The Winner is Jichun Wang

Dec 4, 2011 by     1 Comment     Posted under: Code, Monthly Contest, New Technologies, Tips & Techniques

The winner of our last programming challenge is Jichun Wang. Jichun is a Sun Microsystems alumnus, now a senior software engineer at Synopsis. He uses perl to call a Google RESTful API and to parse the JSON outcome from google to get the result counting of google search. You can find his program here on my SAS_ACADEMY group.

Because the API he used is deprecated, you can find there is a significant difference in the counting using this API and that you get by googling directly in browser; however, he got the order correct!

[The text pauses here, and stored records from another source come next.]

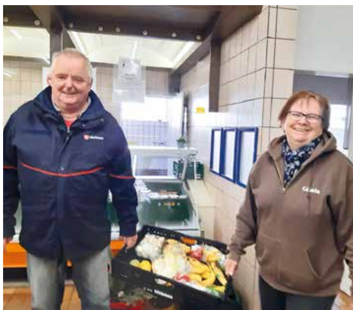
Ohne fleißige ehrenamtliche Helfer geht nichts!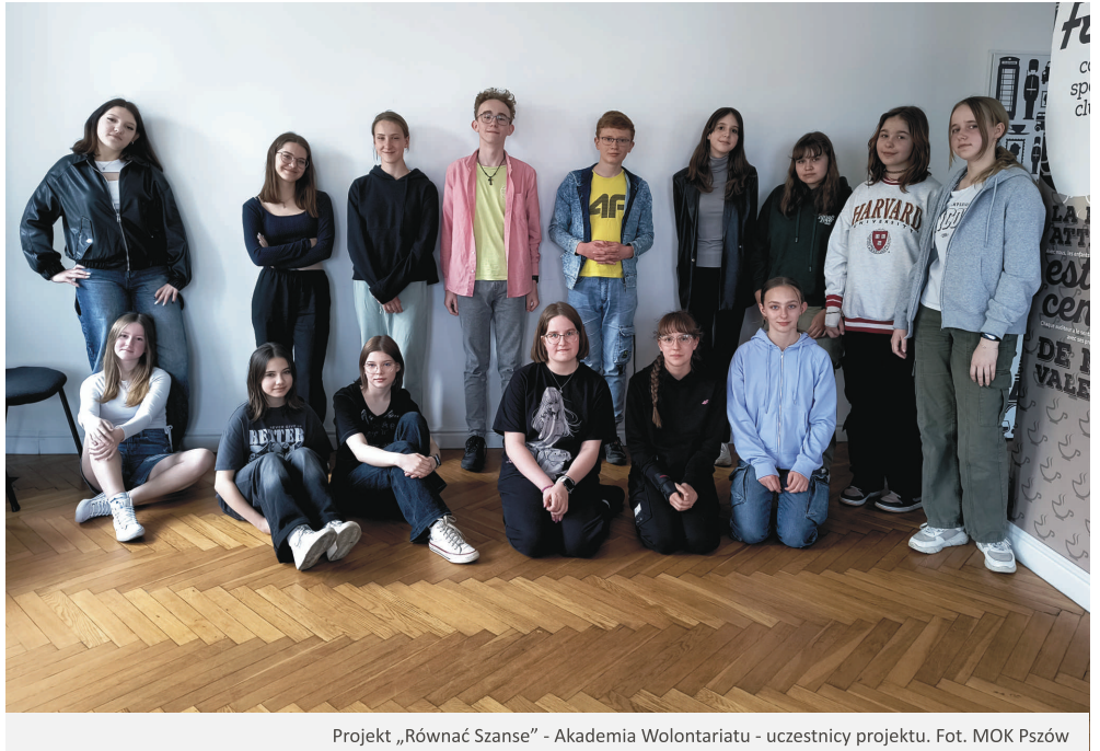
Projekt „Równać Szanse” - Akademia Wolontariatu - uczestnicy projektu.

działalność Akademii Wolontariatu, integracja uczestników, rozwinięcie ich kompetencji społecznych i emocjonalnych, poznanie ich mocnych stron, zwiększenie ich wiary w siebie, zaangażowanie w działania na rzecz lokalnych społeczności, kształtowanie wśród młodych postaw prospołecznych oraz rozwijanie potrzeby uczestnictwa w życiu lokalnym. Wierzymy, że ten projekt jest początkiem działań młodzieży na rzecz naszego miasta.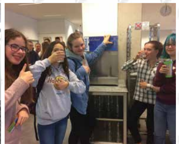
Wasserspender, statt Plastikflaschen in unseren Schulen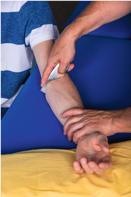
Abb. 4.4 Querreibungen mit dem Haken von Fazer 1 am Ellenbogen.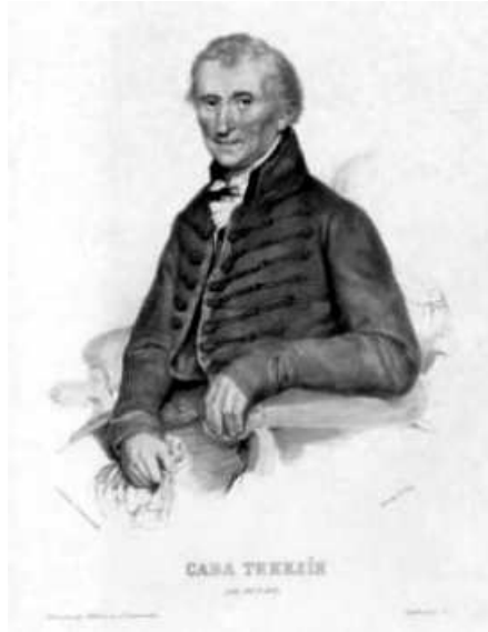
Репрод. 18. Анастас Јовановић: Сава Текелија, литографија, 1850.

Скулпторални портрет у српској култури јавља се веома касно у задњим деценијама XIX века. Те је један од разлога да данас постоји само неколико скулпторалних портрета Саве Текелије. Сви ти портрети су настали након његове смрти. Испред зграде Матице српске налази се портретска биста Саве Текелије рад академског скулптора Јована Солдатовића из 1976. Солдатовић је дипломирао на Академији ликовних уметности у Београду и неко време био сарадник Томе Росандића. Припада категорији најцењенијих српских вајара. Портрет Саве Текелије припада традицији реализма, међутим Солдатовић у скулпторални портрет Саве Текелије уноси и модерничке тенденције карактеристичне за естетику његовог стваралачког опуса. Познате су две варијанте Солдатовићеве бисте Јована Текелије (Репродукције 19 и 29).

A-Hero Cnt By API Cnt By Browser
Batman 30,600,000 332 M
Iron Man 18,700,000 266 M
Superman 13,900,000 184 M
Spiderman 13,000,000 122 M

October Programming Challenge: Ranking American Heroes

Oct 5, 2011 by     2 Comments    Posted under: Code, Monthly Contest

At the beginning of each month, I follow the update of TIOBE Index very closely. TIOBE Index is a measurement of popularity of programming languages based on the result of search engines. By the way, SAS ranks 24 there last month. The way TIOBE Index is defined inspires me so I come up with the following game to play for this month:

Use any programming language you feel comfortable to rank the popularity of the following American heroes (each picture contains a link pointing to its Wikipedia entry):

Superman Batman Spiderman Ironman

Send me your source code by 31/10 to win a $25 gift card.

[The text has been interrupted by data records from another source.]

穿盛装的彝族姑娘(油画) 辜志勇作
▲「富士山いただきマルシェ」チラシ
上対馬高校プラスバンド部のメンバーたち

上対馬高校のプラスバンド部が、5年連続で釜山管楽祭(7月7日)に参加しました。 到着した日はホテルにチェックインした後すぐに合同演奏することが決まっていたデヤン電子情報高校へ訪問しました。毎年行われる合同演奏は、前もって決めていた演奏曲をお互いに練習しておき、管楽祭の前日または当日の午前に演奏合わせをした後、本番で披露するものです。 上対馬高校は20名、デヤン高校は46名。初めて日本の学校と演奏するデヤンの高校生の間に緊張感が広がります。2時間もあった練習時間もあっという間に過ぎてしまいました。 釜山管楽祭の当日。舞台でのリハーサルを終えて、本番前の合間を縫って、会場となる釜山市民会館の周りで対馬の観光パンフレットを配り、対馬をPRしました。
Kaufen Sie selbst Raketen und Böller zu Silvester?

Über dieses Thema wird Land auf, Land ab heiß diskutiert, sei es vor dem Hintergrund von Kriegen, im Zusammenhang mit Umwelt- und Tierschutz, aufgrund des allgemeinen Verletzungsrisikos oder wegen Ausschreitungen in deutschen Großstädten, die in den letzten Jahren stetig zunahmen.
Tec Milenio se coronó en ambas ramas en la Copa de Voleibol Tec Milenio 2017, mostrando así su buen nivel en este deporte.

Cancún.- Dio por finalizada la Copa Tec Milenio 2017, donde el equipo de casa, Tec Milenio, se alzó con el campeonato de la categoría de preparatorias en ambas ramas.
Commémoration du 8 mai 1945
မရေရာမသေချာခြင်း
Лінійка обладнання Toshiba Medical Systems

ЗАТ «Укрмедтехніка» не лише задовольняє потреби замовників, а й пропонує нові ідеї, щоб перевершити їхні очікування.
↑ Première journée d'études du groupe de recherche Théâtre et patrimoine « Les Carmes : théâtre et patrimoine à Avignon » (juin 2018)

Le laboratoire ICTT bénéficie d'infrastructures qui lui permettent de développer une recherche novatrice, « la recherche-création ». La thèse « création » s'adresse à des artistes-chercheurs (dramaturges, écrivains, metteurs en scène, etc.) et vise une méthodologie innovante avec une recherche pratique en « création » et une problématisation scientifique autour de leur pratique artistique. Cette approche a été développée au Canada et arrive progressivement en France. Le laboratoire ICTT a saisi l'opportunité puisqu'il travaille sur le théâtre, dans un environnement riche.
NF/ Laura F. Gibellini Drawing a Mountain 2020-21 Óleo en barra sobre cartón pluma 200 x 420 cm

As for our previous challenge Motto of Hogwarts School, the winner is Jiangtang Hu. This is Jiangtang’s second time to become the winner of our Programming Challenge. Congratulation! :) His method is to tap into an online Latin-English dictionary. Other contenders approach this problem by using Google translate or digging into the search result. As said last time, the Google Translate does not give a correct answer. For example, the following perl one-liner
use LWP::UserAgent;$ua=LWP::UserAgent->new;$ua->agent('Mozilla/6.0');
print $ua->request(HTTP::Request->new('GET','http://translate.google.com/translate_a/t?client=xxxxxxx&text=draco%20dormiens%20nunquam%20titilandus&sl=la&tl=en'))->content;

returns “the dragon never sleeping titilandus” in the JSON format. To me the most Q&D solution is found in the following perl one-liner:
use LWP::UserAgent;$ua=LWP::UserAgent->new;$ua->agent('Mozilla/6.0');
foreach(split /\n/,($ua->request(HTTP::Request->new('GET','http://www.google.com/search?&q=draco+dormiens+nunquam+titillandus')))->content){
if(/mean/i){s/]*>//g,s/^.*means\s+&quot\;([^&]*)&quot\;.*$/\1/;print;}}

Programming Challenge (6): Motto of Hogwarts School

Aug 25, 2011 by     3 Comments    Posted under: Code, Monthly Contest

I am no big Harry Potter fan so I can’t answer questions like when Ron felt in love with Hermione. But that doesn’t stop me from playing this game:

Find the motto of Hogwarts School of Witchcraft and Wizardry, “draco dormiens nunquam titillandus“, in English by using a program written in whatever programming language you feel comfortable.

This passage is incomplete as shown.